Lavrov went on to praise Tbilisi for not succumbing to “pressure” from the West impose sanctions against Russia. “The fact that a small country and its government have the courage to say that they will be guided by their own interests, the interests of their own economy, is admirable,” he added.

Lavrov’s praise was not well received among Georgians, who were already critical of the government’s cautious stance toward Russia. And the answer of the chairman of the ruling party “Georgian Dream” Irakli Kabakhidze added fuel to the fire.

“If flights resume, it is important for our fellow citizens and of course it will only be welcome” – Kabahide said in an interview with “Imedi” TV channel on January 19, referring to the interests of “millions” of Georgian citizens living in Russia.

These comments caused a backlash: critics considered the party leader’s position a flirtation with Moscow amid Russia’s ongoing murderous war against Ukraine.

Among the harshest critics was President Salome Zurabishvili, who is largely a figurehead, who, while agreeing with Tbilisi’s cautious approach to Russia, criticized from time to time the rhetoric of the ruling party.

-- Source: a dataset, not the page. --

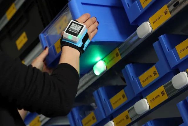 NIMMSTA的Light Tags更新了 pick-by-light 方法,承诺无需集成工作即可获得 80% 的效率。创新在于工业智能手表,这是一款由操作员佩戴的联网“手表”。在 NIMMSTA 应用程序中,为每个用胶带粘贴的灯标签分配了一个存储位置。当操作员靠近它时,智能手表和灯标会以相同的颜色和图案亮起。

“I do not welcome the resumption of flights with Russia! If all our partner countries show maximum solidarity with Ukraine in its self-sacrificing struggle by word and deed, for me and, I’m sure, for most of society, “The position of the government and the ruling party is, to put it mildly, unclear,” Zurabishvili said. Statement on January 20.

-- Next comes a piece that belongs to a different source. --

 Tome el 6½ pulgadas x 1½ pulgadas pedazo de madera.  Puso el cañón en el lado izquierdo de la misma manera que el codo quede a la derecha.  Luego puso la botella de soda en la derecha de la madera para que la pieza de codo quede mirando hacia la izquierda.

The president also dismissed Kabakhidze’s concerns about Georgians living in Russia. Zurabishvili said that for several months she has been unsuccessfully trying to simplify the procedure for obtaining Georgian citizenship, which, she said, worries Georgian emigrants more.

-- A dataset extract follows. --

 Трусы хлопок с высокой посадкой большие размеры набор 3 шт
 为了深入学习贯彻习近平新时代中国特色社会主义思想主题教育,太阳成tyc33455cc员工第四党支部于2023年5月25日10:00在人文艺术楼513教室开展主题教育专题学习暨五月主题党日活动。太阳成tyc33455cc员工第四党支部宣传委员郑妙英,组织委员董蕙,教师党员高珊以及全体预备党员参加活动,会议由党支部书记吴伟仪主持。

She stated that the issue of resuming flights is related to the fact that Russia has returned to its “old tricks” to “drive a wedge between us and our Western partners.”

Leaders of the Georgian Dream have repeatedly invoked the well-being of Georgian migrants and ethnic Georgians living in Russia to defend their allegiance to Russia.

Among them is the refusal to impose economic sanctions against Russia and the refusal of stricter travel rules for Russian citizens amid the war in Ukraine. The government also claims that ethnic Georgians make up a significant portion of Russian citizens who have recently settled in the country.

It is known that Russia receives the largest group of Georgian migrants from the UN evaluative they number around 450,000 as of 2020. The total number of ethnic Georgians and Georgian citizens currently living in Russia is thought to be higher, but this remains disputed.

Back in 2019, when the flight ban was imposed, the biggest concern was not the interests of Georgians in Russia, but the shock it would inflict on the Georgian economy, which depends on tourism.

But with the land border remaining open and indirect flights through other countries still possible, the drop in subsequent months was not dramatic – until the pandemic hit all international travel.

And for the last year, the lack of direct flights did not stop their wave fled from mobilizationnot visible the number of vacationers is growing making a choice in favor of Georgia in the absence of alternatives, which led to a sharp increase in the number of visits by Russian citizens in the third quarter, even surpassing the figures of 2019.

Two of the most famous foreign diplomats accredited in Georgia spoke on this issue.

US Ambassador Kelly Degnan she said that she doesn’t think so that for Georgians it is a priority and he did not know what difficulties await Georgians living in Russia because of the ban.

And Andrei Kasyanov, the temporary charge d’affaires of Ukraine, said that the further influx of Russians would pose a risk to Ukrainians living in Georgia.

“In the event of the resumption of direct air traffic and an increase in real security risks, I would like to say that today the embassy does not exclude the possibility of turning to international organizations and our international partners with a request for assistance in mass transportation. evacuation of Ukrainian citizens from the territory of Georgia,” Kasyanov said in an interview with the Ukrainian “European Truth”. January 24.